##### Materials provided #####
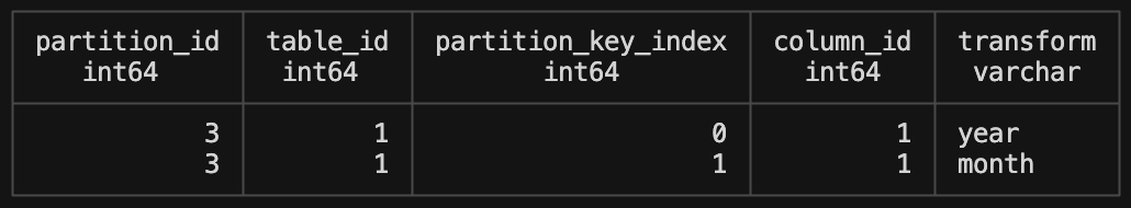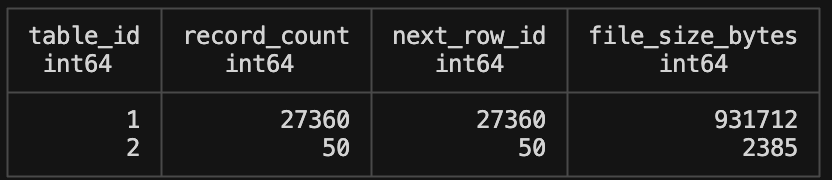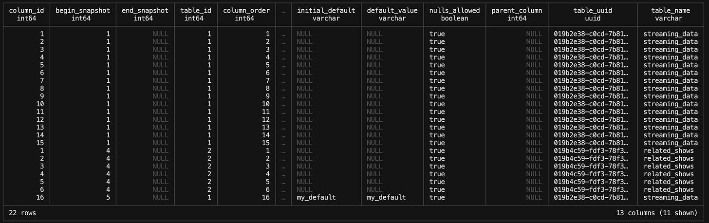 You’ll notice that it has two different table_id values, which represent each of our tables we’ve created, as well as two different begin_snapshot values for each table. They are also ordered by table_id and then column id in ascending order.
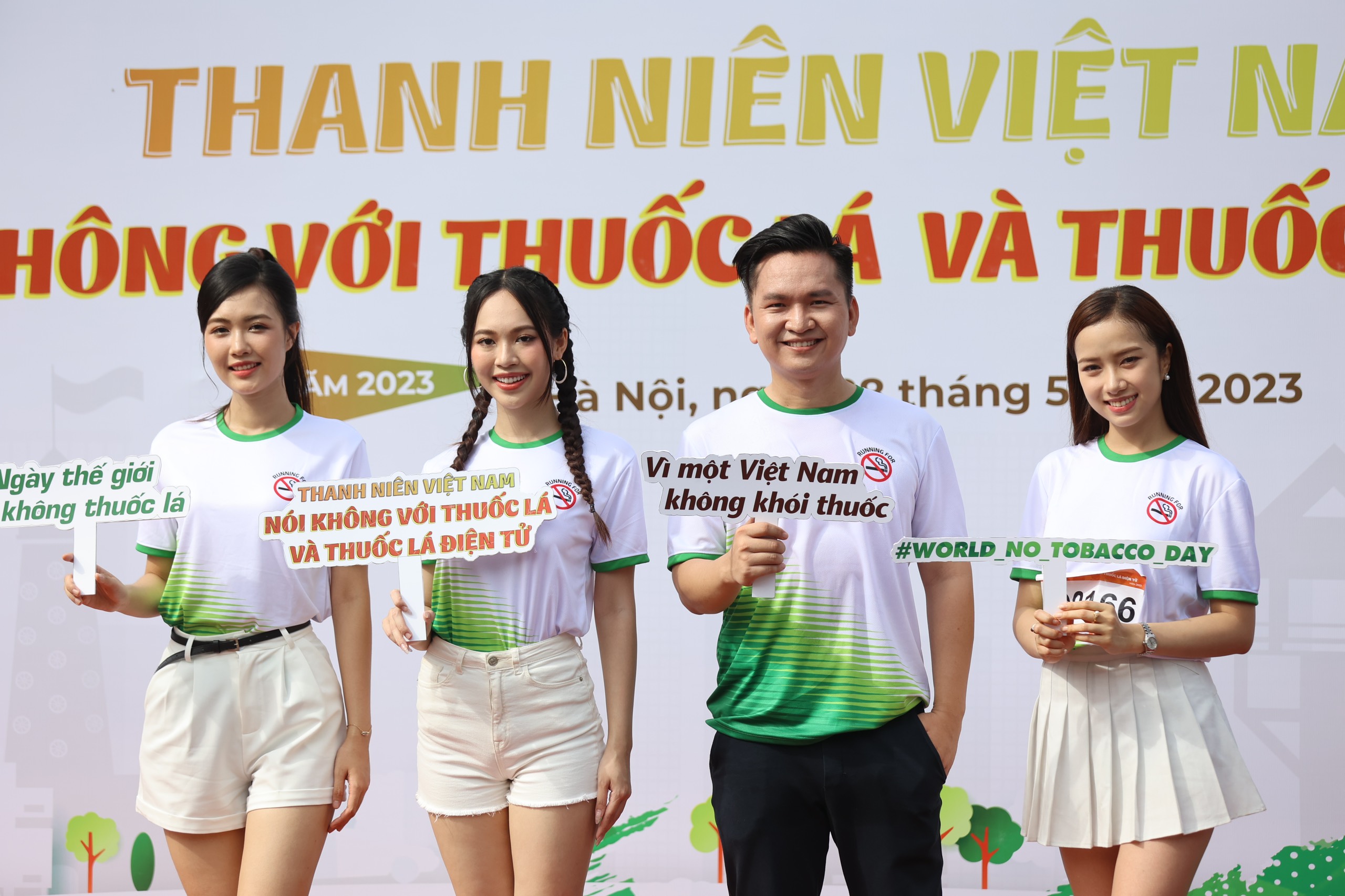 MC Hạnh Phúc, bạn Trịnh Thùy Linh (Á hậu 1 Hoa hậu Việt Nam 2022); bạn Nguyễn Ngọc Mai (Người đẹp nhân ái, Top 5 Hoa hậu Việt Nam năm 2022); bạn Nguyễn Thị Thanh Tâm (Người đẹp truyền thông, Top 5 Hoa hậu Việt Nam năm 2022) cùng chung tay truyền tải thông điệp của chiến dịch “Thanh niên Việt Nam nói không với thuốc lá và thuốc lá điện tử năm 2023”.
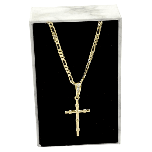 De kruishanger  en bloem zijn ingelegd met facet geslepen zirconia steentjes
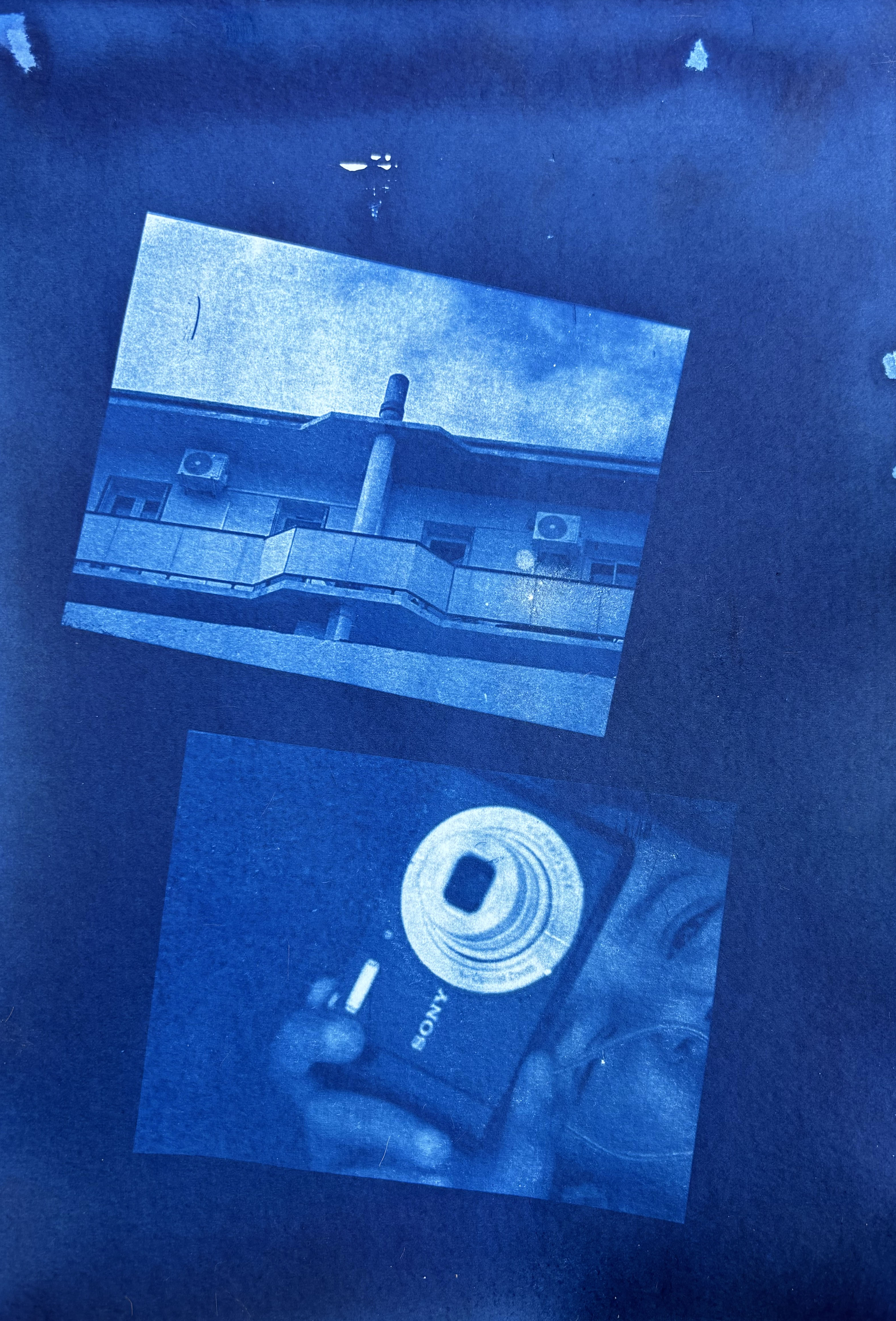 Equipés de petits appareils numériques, les enfants ont également réalisé une multitudes de photographies au sein du centre qui témoignent de leur curiosité et de la richesse de leurs regards. Une sélection de ces images a été utilisée pour réaliser des cyanotypes.
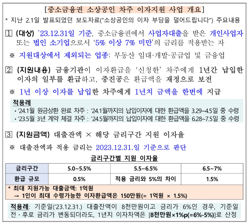 국회는 높은 금리, 경기회복 지연 등으로 어려움을 겪고 있는 소상공인의 금융부담을 덜어주기 위해 작년 12월 21일 중소금융권* 내 소상공인 차주 이자지원 재정사업 예산 3천억원(중소벤처기업창업및진흥기금)을 확정했습니다.
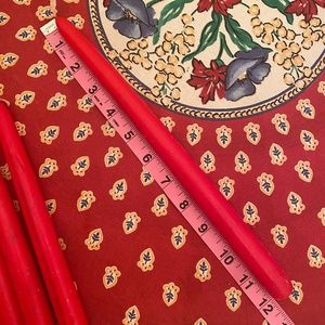 Here are 5, 12-inch, red dinner taper candles which I'm *99.9%* sure are Carolina candles (Carolina Soap & Candle Makers Company). These came from a large box of candles, several of which were wrapped and listed earlier, and findable in my closet. Several more were unwrapped, which I am now posting. The candles have never been used, but the color is no longer pristine due to the way they were stored as mentioned, and also shown in photos. All those still packaged/boxed were from the late-1970s/early-1980s, for reference.
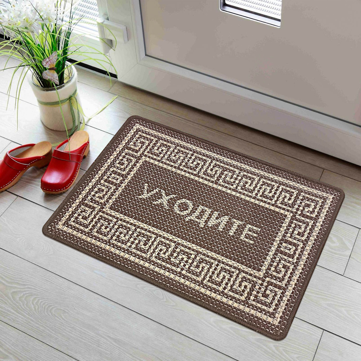Однако есть одна небольшая, но весьма досадная проблема. Перед дверью соседей размещен толстый коврик на резиновой основе с ворсовым верхом. Когда он лежит ровно посередине двери, открыть свою — невозможно. Дверь упирается в угол коврика, и каждое утро встаёт вопрос: как выйти из квартиры. Выходится только просунуть ногу в щель, подвинуть коврик к стене, а затем уже выдвинуться на улицу. И самой главной проблемой является то, что коврик довольно тяжелый и прилипает к полу. Вечером же соседи, возвращаясь домой, ставят его на место, хорошо знакомое им. Обычно решают эту утреннюю проблему мужчины.
#####
*Work instructions*.
Pictures stay out; everything else in the listing above gets repeated exactly.

*Task output*.
 You’ll notice that it has two different table_id values, which represent each of our tables we’ve created, as well as two different begin_snapshot values for each table. They are also ordered by table_id and then column id in ascending order.
 MC Hạnh Phúc, bạn Trịnh Thùy Linh (Á hậu 1 Hoa hậu Việt Nam 2022); bạn Nguyễn Ngọc Mai (Người đẹp nhân ái, Top 5 Hoa hậu Việt Nam năm 2022); bạn Nguyễn Thị Thanh Tâm (Người đẹp truyền thông, Top 5 Hoa hậu Việt Nam năm 2022) cùng chung tay truyền tải thông điệp của chiến dịch “Thanh niên Việt Nam nói không với thuốc lá và thuốc lá điện tử năm 2023”.
 De kruishanger  en bloem zijn ingelegd met facet geslepen zirconia steentjes
 Equipés de petits appareils numériques, les enfants ont également réalisé une multitudes de photographies au sein du centre qui témoignent de leur curiosité et de la richesse de leurs regards. Une sélection de ces images a été utilisée pour réaliser des cyanotypes.
 국회는 높은 금리, 경기회복 지연 등으로 어려움을 겪고 있는 소상공인의 금융부담을 덜어주기 위해 작년 12월 21일 중소금융권* 내 소상공인 차주 이자지원 재정사업 예산 3천억원(중소벤처기업창업및진흥기금)을 확정했습니다.
 Here are 5, 12-inch, red dinner taper candles which I'm *99.9%* sure are Carolina candles (Carolina Soap & Candle Makers Company). These came from a large box of candles, several of which were wrapped and listed earlier, and findable in my closet. Several more were unwrapped, which I am now posting. The candles have never been used, but the color is no longer pristine due to the way they were stored as mentioned, and also shown in photos. All those still packaged/boxed were from the late-1970s/early-1980s, for reference.
Однако есть одна небольшая, но весьма досадная проблема. Перед дверью соседей размещен толстый коврик на резиновой основе с ворсовым верхом. Когда он лежит ровно посередине двери, открыть свою — невозможно. Дверь упирается в угол коврика, и каждое утро встаёт вопрос: как выйти из квартиры. Выходится только просунуть ногу в щель, подвинуть коврик к стене, а затем уже выдвинуться на улицу. И самой главной проблемой является то, что коврик довольно тяжелый и прилипает к полу. Вечером же соседи, возвращаясь домой, ставят его на место, хорошо знакомое им. Обычно решают эту утреннюю проблему мужчины.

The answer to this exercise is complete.